Глава 25. ПОРТОС НАЧИНАЕТ ЖАЛЕТЬ, ЧТО ПРИВЕЗ Д'АРТАНЬЯНА

   Едва д'Артаньян потушил свечу, как Арамис, следивший сквозь занавеску за светом в комнате своего друга, на цыпочках прокрался к Портосу.
   Исполин, улегшийся уже часа за полтора перед тем, раскинулся на перине. Он погрузился в то благодатное спокойствие первого сна, который у Портоса не могли нарушить ни колокольный звон, ни грохот пушек.
   Дверь его комнаты тихо раскрылась под осторожной рукой Арамиса. Епископ подошел к спящему. Толстый ковер заглушал его шаги; впрочем, храп Портоса поглощал все остальные звуки. Арамис положил руку на плечо гиганта.
   — Ну, милый Портос, — сказал он, — вставайте.
   Голос Арамиса был нежен и ласков, но в нем звучал не совет, а приказание. Рука коснулась плеча легко, но она указывала на опасность.
   Портос сквозь сон услышал эти слова и почувствовал прикосновение. Он вздрогнул.
   — Кто тут? — загремел он.
   — Тес, это я, — прошептал Арамис.
   — Вы, милый друг? Но зачем вы меня будите?
   — Чтобы сказать вам, что нужно ехать.
   — Ехать? Куда?
   — В Париж.
   Портос подскочил и сел, устремив на Арамиса большие испуганные глаза.
   — В Париж?
   — Да.
   — Ах ты боже мой! — вздохнул Портос и снова лег, точно ребенок, сопротивляющийся няньке, чтобы оттянуть для сна еще часок-другой.
   — Тридцать часов верховой езды, — решительно прибавил Арамис. — Будут отличные сменные лошади.
   Портос двинул ногой и застонал.
   — Ну, ну, милый друг, вставайте, — повторял прелат с оттенком нетерпения.
   Портос высунул из-под одеяла обе ноги.
   — И мне необходимо ехать? — спросил он.
   — Совершенно необходимо.
   Портос встал с постели, и скоро пол и стены задрожали от его шагов, тяжелых, как шаги каменной статуи.
   — Ради бога тише, милый Портос, — остановил его Арамис, — вы его разбудите!
   — Ах, правда, — рявкнул Портос, — я и забыл. Но не беспокойтесь, я буду осторожен.
   И, говоря это, он уронил пояс с пристегнутыми к нему шпагой, пистолетами и кошельком, из которого выпали со звоном рассыпавшиеся монеты. От этого шума кровь в Арамисе закипела, меж тем как Портос только громко расхохотался.

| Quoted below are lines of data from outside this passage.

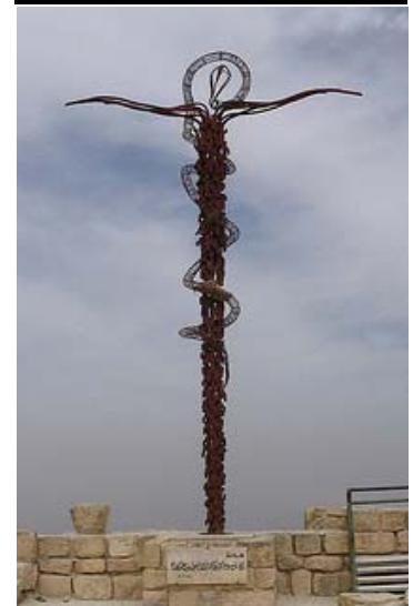
The Brazen Serpent Monument on Mount Nebo created by Italian artist, Giovanni Fantoni. It is symbolic of the bronze serpent created by Moses in the wilderness (Numbers 21:4-9) and the cross upon which Jesus was crucified (John 3:14).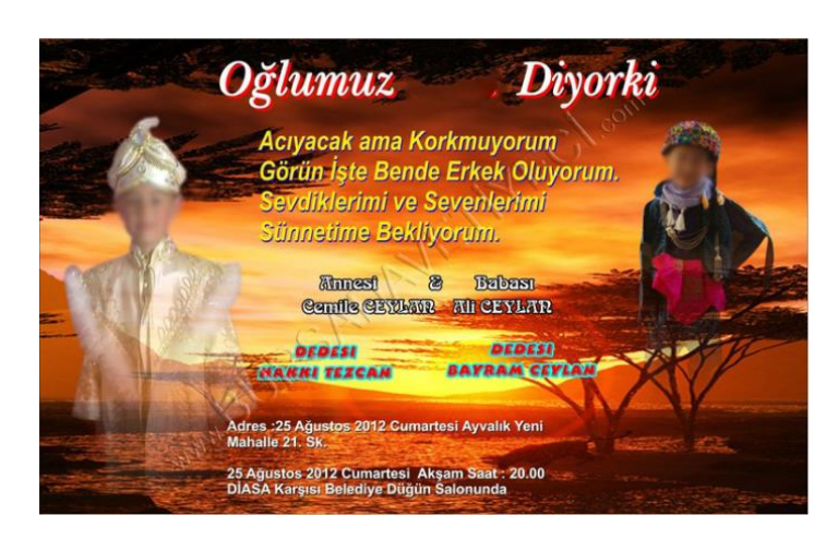
Figure 10: Invitation Card

"On this blissful day our one and only son will take his first step to manhood, we will be honoured to see you, our friends beside us" (see www.bursadavetiyeci.com)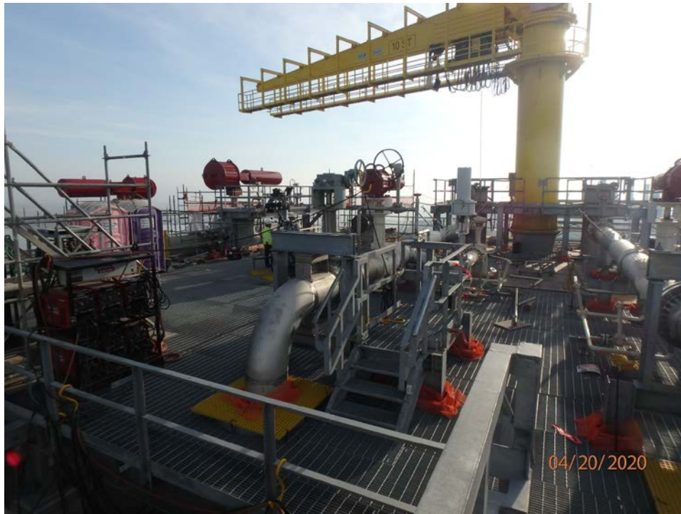
LNG Tank B – Piping installation progress on top

   — Чудеса! — тем же тоном произнес он.
   — Тише, Портос, тише!
   — Правда…
   И он действительно наполовину понизил голос.
   — Я хотел сказать, — продолжал Портос, — что начинаешь копаться именно тогда, когда нужно торопиться, и особенно шумишь, когда нужно двигаться беззвучно.
   — Да, правда. Но давайте опровергнем это мнение, Портос. Будем торопиться и молчать.
   — Вы видите, я стараюсь, — проворчал Портос, натягивая штаны.
   — Очень хорошо.
   — Значит, это срочно?
   — Да, и очень серьезно.
   — Ого!
   — Д'Артаньян расспрашивал вас в Бель-Иле?
   — Ничуть.
   — Не может быть! Припомните.
   — Он спросил меня, что я делаю; я ответил: «Занимаюсь топографией». Я хотел сказать другое слово, которое вы однажды произнесли, но я никак не мог его припомнить.
   — Тем лучше. О чем еще он вас спрашивал?
   — Спросил, кто такой Жетар.
   — Еще?
   — Кто такой Жюпене.
   — Не видел ли он случайно плана наших укреплений?
   — Видел.
   — Ах, черт возьми!
   — Но будьте спокойны: я резинкой стер ваш почерк. Невозможно заподозрить, что вы дали мне указания относительно этих работ.
   — У нашего друга зоркий глаз.
   — Чего вы боитесь?
   — Боюсь, что все откроется, Портос. Нужно предупредить великое несчастье. Я приказал запереть все двери: д'Артаньяна не выпустят до рассвета. Лошадь оседлана; вы домчитесь до первой подставы и к пяти часам утра проедете пятнадцать лье. Идем.
   Арамис одел Портоса с ловкостью, не уступавшей искусству самого опытного камердинера. Портос, смущенный и в то же время сбитый с толку, не останавливал его и только рассыпался в извинениях.
   Наконец он был готов. Арамис взял его за руку и вывел, заставляя осторожно переступать со ступеньки на ступеньку, не позволяя задевать за дверные косяки, поворачивая его то в одну, то в другую сторону, точно он, Арамис, был гигантом, а Портос карликом. Дух управлял материей.
   Оседланная лошадь действительно ожидала во дворе.
   Портос уселся в седло. Арамис сам взял лошадь под уздцы и провел ее по двору, устланному соломой, чтобы заглушить стук копыт. В то же время епископ сдавливал ноздри коня, чтобы он не заржал.
   У наружных ворот Арамис притянул к себе Портоса, который готовился скакать, не спросив даже, зачем он едет.
   — Теперь, друг Портос, — сказал ему на ухо епископ, — без отдыха до Парижа: ешьте, пейте, спите на лошади, не теряя ни минуты!
   — Отлично. Ни разу не остановлюсь.
   — Передайте это письмо во что бы то ни стало в собственные руки Фуке.
   Необходимо, чтобы он получил его завтра до полудня.
   — Получит.
   — И помните об одном, мой друг.
   — О чем?
   — Что вы едете за патентом на титул герцога и пэра.
   — О! — произнес Портос с блестящими глазами. — В таком случае я доскачу в сутки.
   — Постарайтесь.
   — Ну, отпускайте коня… Вперед, Голиаф!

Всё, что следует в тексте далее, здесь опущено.